#### What the exercise asks
Where does the word "with" occur in the material? Copy each line that has it.

※ ※ ※

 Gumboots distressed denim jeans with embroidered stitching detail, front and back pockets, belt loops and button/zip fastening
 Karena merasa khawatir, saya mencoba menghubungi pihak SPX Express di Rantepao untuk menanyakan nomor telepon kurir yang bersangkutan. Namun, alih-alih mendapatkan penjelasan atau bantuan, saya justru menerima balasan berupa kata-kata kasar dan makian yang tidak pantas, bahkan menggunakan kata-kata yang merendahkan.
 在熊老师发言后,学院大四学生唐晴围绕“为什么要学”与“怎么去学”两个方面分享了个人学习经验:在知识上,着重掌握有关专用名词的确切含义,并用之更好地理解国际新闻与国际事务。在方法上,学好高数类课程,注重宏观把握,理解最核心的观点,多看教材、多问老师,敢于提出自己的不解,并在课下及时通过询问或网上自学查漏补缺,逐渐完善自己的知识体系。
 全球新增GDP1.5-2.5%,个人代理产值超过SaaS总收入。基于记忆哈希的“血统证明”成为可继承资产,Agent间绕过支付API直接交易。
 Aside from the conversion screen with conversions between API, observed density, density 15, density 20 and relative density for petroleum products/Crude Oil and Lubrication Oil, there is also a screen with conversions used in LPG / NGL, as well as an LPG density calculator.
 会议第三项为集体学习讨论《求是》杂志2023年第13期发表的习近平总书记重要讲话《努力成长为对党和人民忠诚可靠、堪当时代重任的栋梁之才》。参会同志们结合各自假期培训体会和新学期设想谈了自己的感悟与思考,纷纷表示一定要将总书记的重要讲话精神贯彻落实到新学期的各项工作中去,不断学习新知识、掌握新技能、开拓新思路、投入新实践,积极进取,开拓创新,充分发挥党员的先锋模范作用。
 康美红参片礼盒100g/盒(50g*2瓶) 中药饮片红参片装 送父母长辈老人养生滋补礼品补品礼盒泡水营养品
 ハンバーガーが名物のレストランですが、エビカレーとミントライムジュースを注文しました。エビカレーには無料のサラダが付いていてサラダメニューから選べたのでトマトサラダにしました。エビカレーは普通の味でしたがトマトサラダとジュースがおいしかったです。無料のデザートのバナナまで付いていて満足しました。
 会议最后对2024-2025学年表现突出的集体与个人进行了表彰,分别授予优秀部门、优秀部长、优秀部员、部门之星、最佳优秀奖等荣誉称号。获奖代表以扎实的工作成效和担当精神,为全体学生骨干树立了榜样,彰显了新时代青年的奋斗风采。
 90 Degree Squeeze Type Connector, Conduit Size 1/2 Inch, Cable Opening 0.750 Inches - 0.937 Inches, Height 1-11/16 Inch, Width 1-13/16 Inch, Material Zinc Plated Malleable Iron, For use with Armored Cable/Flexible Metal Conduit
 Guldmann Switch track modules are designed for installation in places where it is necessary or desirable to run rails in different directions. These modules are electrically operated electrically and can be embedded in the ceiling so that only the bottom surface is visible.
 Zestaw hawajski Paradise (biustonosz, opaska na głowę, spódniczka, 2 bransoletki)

※ ※ ※

#### Answer section
 Gumboots distressed denim jeans with embroidered stitching detail, front and back pockets, belt loops and button/zip fastening
 Aside from the conversion screen with conversions between API, observed density, density 15, density 20 and relative density for petroleum products/Crude Oil and Lubrication Oil, there is also a screen with conversions used in LPG / NGL, as well as an LPG density calculator.
 90 Degree Squeeze Type Connector, Conduit Size 1/2 Inch, Cable Opening 0.750 Inches - 0.937 Inches, Height 1-11/16 Inch, Width 1-13/16 Inch, Material Zinc Plated Malleable Iron, For use with Armored Cable/Flexible Metal Conduit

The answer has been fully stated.